=== Instructions to follow ===
Leave out the pictures, and retype the remaining data exactly.

** Opening Exercise data block **

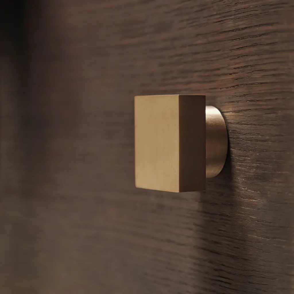 The Square Hook is a versatile accessory crafted from cast brass, designed to combine the simplicity of geometric forms with functional utility. This elegant piece merges the forms of a cube and a cylinder, resulting in a monolithic expression that is both timeless and contemporary. Its robust construction and sleek design make it an enduring addition to any decor. Use it as a hook to hang towels, robes, or accessories, or as a handle for cabinets and drawers, enhancing any kitchen, bathroom, or living space. Use as hook or knob. Screws for both options included.
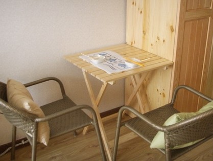 松木小桌,可以當(dāng)書桌辦公。
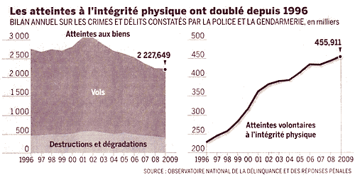 Le tableau collecté par l’Observatoire national de la délinquance et des réponses pénales (ONDRP) reste cependant contrasté. Les violences aux personnes (455 911 faits constatés en 2009) ont augmenté de 2,8 %, et dans la catégorie des atteintes aux biens (2,2 millions de faits, en diminution de 0,7 %), les cambriolages ont progressé de 8,2 % et les vols à main armée de 15,8 %. Manquent à l’appel les chiffres sur les véhicules incendiés, "pas encore prêts".

** Closing Exercise data block **

=== Your solution ===
 The Square Hook is a versatile accessory crafted from cast brass, designed to combine the simplicity of geometric forms with functional utility. This elegant piece merges the forms of a cube and a cylinder, resulting in a monolithic expression that is both timeless and contemporary. Its robust construction and sleek design make it an enduring addition to any decor. Use it as a hook to hang towels, robes, or accessories, or as a handle for cabinets and drawers, enhancing any kitchen, bathroom, or living space. Use as hook or knob. Screws for both options included.
 松木小桌,可以當(dāng)書桌辦公。
 Le tableau collecté par l’Observatoire national de la délinquance et des réponses pénales (ONDRP) reste cependant contrasté. Les violences aux personnes (455 911 faits constatés en 2009) ont augmenté de 2,8 %, et dans la catégorie des atteintes aux biens (2,2 millions de faits, en diminution de 0,7 %), les cambriolages ont progressé de 8,2 % et les vols à main armée de 15,8 %. Manquent à l’appel les chiffres sur les véhicules incendiés, "pas encore prêts".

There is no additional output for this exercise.